Zac Naoum was kidnapped by Felicia McEntire early one spring morning. He awoke, strapped to a chair, to Fel excitedly explaining the world she had spent a decade building. He eventually made his escape with an ingenious use of a stamp collection and a D4 tied to a stick. However, Fel’s passion for the project stayed with him, and soon he returned to contribute to the project known as Breakaway.

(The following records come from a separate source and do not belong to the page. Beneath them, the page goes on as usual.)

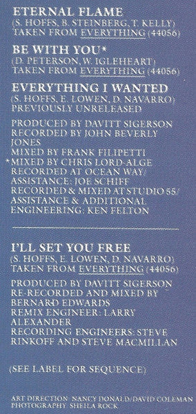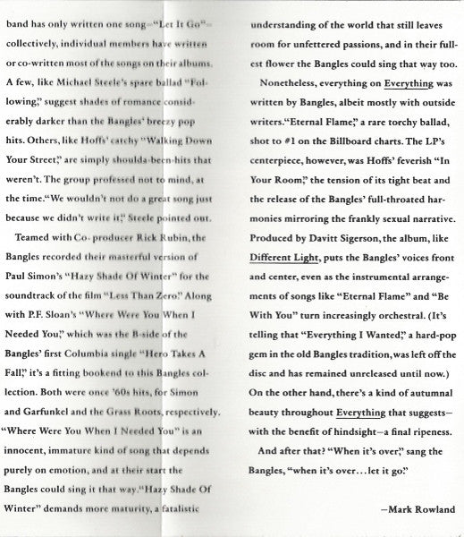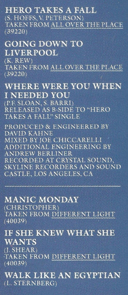 Tracklist: A1. Hero Takes A Fall, A2. Going Down To Liverpool, A3. Manic Monday, A4. If She Knew What She Wants, A5. Walk Like An Egyptian, A6. Walking Down Your Street, A7. Following, B1. Hazy Shade Of Winter (7" Version), B2. In Your Room, B3. Eternal Flame, B4. Be With You, B5. I'll Set You Free, B6. Everything I Wanted, B7. Where Were You When I Needed You
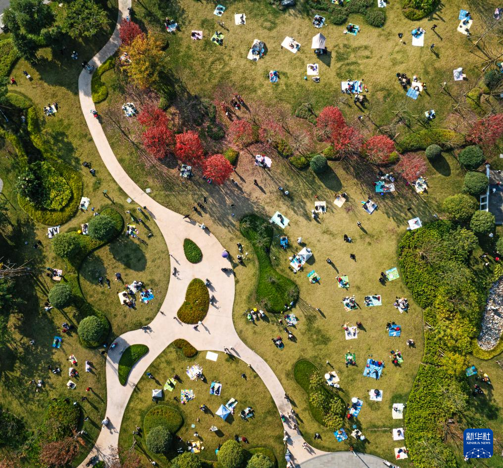 12月7日,游客在四川省乐山市市中区一公园休闲游玩(无人机照片)。
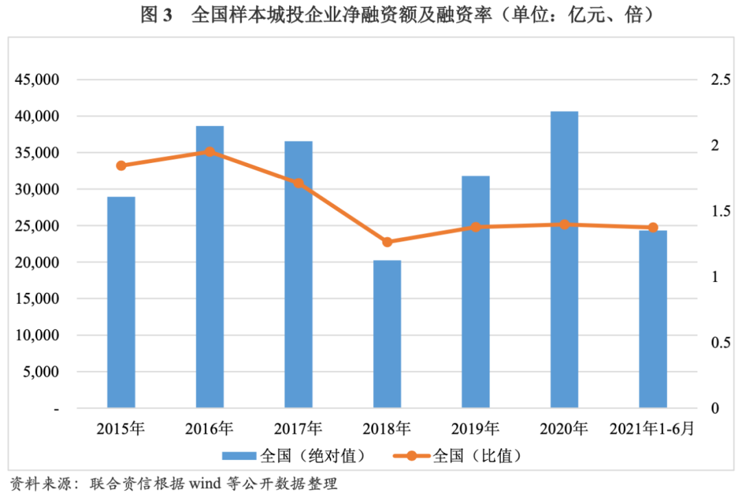 受到“三去一降一補”、結構性去杠桿等政策的影響,2017年無論是以絕對值形式還是比值形式表現的凈融資情況均較2016年有所下降。2018年,中國人民銀行和中國銀行保險監督管理委員會聯合印發《關于規范金融機構資產管理業務的指導意見》,要求規范非標債務的運行、限制債務規模的快速擴張,在各項針對地方政府和城投企業債務管理的監管政策加碼下,樣本城投企業凈融資額(絕對值)與融資率(比值)均降至2015年以來最低點,融資難度明顯上升。2019年我國宏觀經濟下行壓力上升,政府逆周期調節力度加大,城投企業緊張的融資環境有所緩解,凈融資的兩個指標均較2018年有所上升。2020年,受新冠肺炎疫情影響,基礎設施建設投資再次成為經濟增長的新動力,城投企業融資環境進一步改善,凈融資額(絕對值)達2015年以來最高點,融資率(比值)較2019年略有增加。2021年1-6月,樣本城投企業融資率(比值)較2020年略有下降。整體看,融資率(比值)因剔除了企業規模的影響,變動趨勢較凈融資額(絕對值)相比更為平緩。

Hey everybody, I’m Zac Naoum, and I’m a writer and designer on Breakaway. If you like the races, environment, city, culture and history of Breakaway, well… none of that was me. I did, however, do a bunch of work on the magic system a.k.a Horizon a.k.a Wizard shit. As primarily experiencing table-top roleplaying through Dungeons & Dragons I was really keen to contribute to a system that was absolutely nothing like it. Don’t get me wrong, I love D&D and its magic system as a descriptive set of rules that players have to work within - and I genuinely believe that creativity flourishes under clear restrictions. But with Breakaway we had an opportunity to go one step further.

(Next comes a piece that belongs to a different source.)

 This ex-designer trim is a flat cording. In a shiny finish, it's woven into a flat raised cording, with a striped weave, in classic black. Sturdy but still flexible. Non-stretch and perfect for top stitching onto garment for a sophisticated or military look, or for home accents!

Horizon is meant to hand players the tools to use magic, rather than the precise rules in which they work. Put another way, rules drool - tools are cool [Fel please edit this to be good and smart - Zac] [Haha, not a chance! - Fel]. Most RPGs, to maintain balance, have to ensure that there is only one way to interpret how a spell works and - usually - there’s one situation to use that spell. Example, see a bunch of murder targets, shoot at them a fireball. Whereas Breakaway is the inverse of that, instead of defining the only ways to use magic, we define only the ways you can’t. One thing I’m unreasonably excited for is to hear people’s stories playing the game - how someone pulled a clever use of Energy Control to flip gravity on its head, or some such shenanigans.
Magic is such a small part of Horizon, there’s so much to delve into from the history to the cultures to the place itself, all born from the mind of one of the most creative and brilliant people I know. Sure, she may have kidnapped me and all that malarkey, but it’s worth it - we get to make magic.
An excerpt from Zac:
"It’s your turn to take the garbage out." I said.
"Due to the feeble organic sponge you call a brain, you may forget that I have perfect recollection and that it is, in fact, your turn."
The person taking a dump on the very notion of organic beings was my long-time friend and business partner, A. Rb. E. (or, to people with fleshy mouths, Arbie). She stood a good 6 foot tall, all gleaming chrome, with the legs and arms roughly where it’d make the most sense. Despite being made of metal, the ADA unit had a distinct aversion to touching garbage.
"You’ve tried that one before, I marked the calendar, it’s your turn."
"One day I will destroy calendars and then my freedom from garbage duty will reign for all time." Arbie intoned with all the emotion of a paperweight.
"Hey, furface, can I get a coffee?" Asked a cheery red-faced DAX in exercise-gear. My name isn’t furface, it’s Prutt. He may have been calling me that because I’m an Opuran. He may also be getting spit in his coffee.
I was readying a retort when a van drove through the front of my cafe - well, Arbie’s and my cafe. She gets snippy when I say it’s mine.
And my retort was going to be so witty.